The expectation (or mean) of a random variable, $$X$$, is

\begin{aligned} E(X) &= \int\limits_{-\infty}^{\infty}xf(x) dx \quad &\text{for continuous distributions}\\ E(X) &= \sum\limits_{x: p(x) > 0} x p(x) \quad &\text{for discrete distributions} \end{aligned}

## Expectation Properties

For any random variables $$X$$ and $$Y$$ (don’t need independence)

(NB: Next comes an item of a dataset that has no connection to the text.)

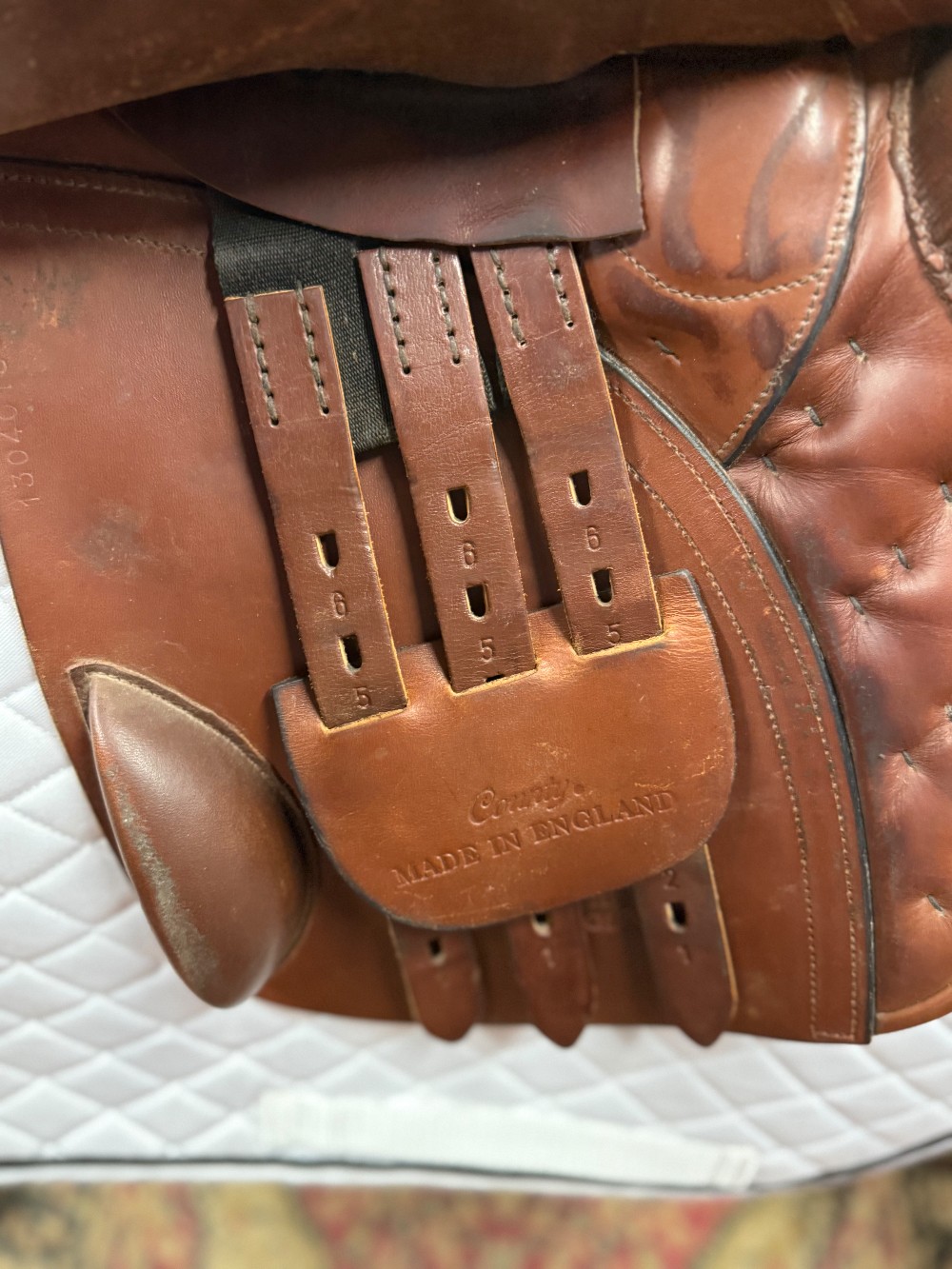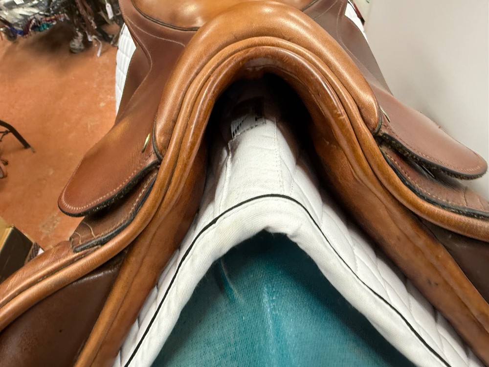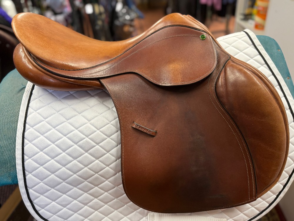 County Conquest Jump Saddle w/spring tree. 18" seat, 14" flap, M gullet. Well cared for used condition. Includes cover. OAKBARK

$$E(X + Y) = E(X) + E(Y)$$

$$E(a_1X_1 + \ldots + a_nX_n) = a_1E(X_1) + \ldots + a_nE(X_n)$$

Known as the linearity property.

## Variance and Covariance

The variance of r.v. $$X$$ is $Var(X) = E\bigl[ \left(X - E(X)\right)^2 \bigr] = E[X^2] - \left(E[X]\right)^2$

The covariance between r.v.’s $$X$$ and $$Y$$ is $Cov(X, Y) = E\left[\bigl(X- E(X) \bigr)\bigl(Y - E(Y) \bigr)\right]$ If $$X$$ and $$Y$$ are independent $$Cov(X, Y) = 0$$ (converse isn’t true)

$$Cov(X, X) = Var(X)$$

## Variance Properties

For any random variables $$X$$ and $$Y$$ (don’t need independence)

$$Var(X + Y) = Var(X) + Var(Y) + 2Cov(X, Y)$$

$$Var(X - Y) = Var(X) + Var(Y) - 2Cov(X, Y)$$

For random variables $$X_1, \ldots, X_n$$ \begin{aligned} \textit{Var}& \left(a_1 X_1 + \ldots + a_n X_n \right)= a_1^2 \textit{Var}(X_1) + \ldots + a_n^2 \textit{Var}(X_n) \, +\\ & a_1a_2 \textit{Cov}(X_1, X_2) + a_1a_3\textit{Cov}(X_1, X_3) + \ldots + a_1a_n\textit{Cov}(X_1, X_n) \, + \\ & \vdots \\ & a_na_1\textit{Cov}(X_n, X_1) + a_na_2\textit{Cov}(X_n, X_2) + \ldots + a_na_{n-1}\textit{Cov}(X_n, X_{n-1}) \end{aligned}

## Next time…

Use these properties to derive mean and variance for sampling distributions.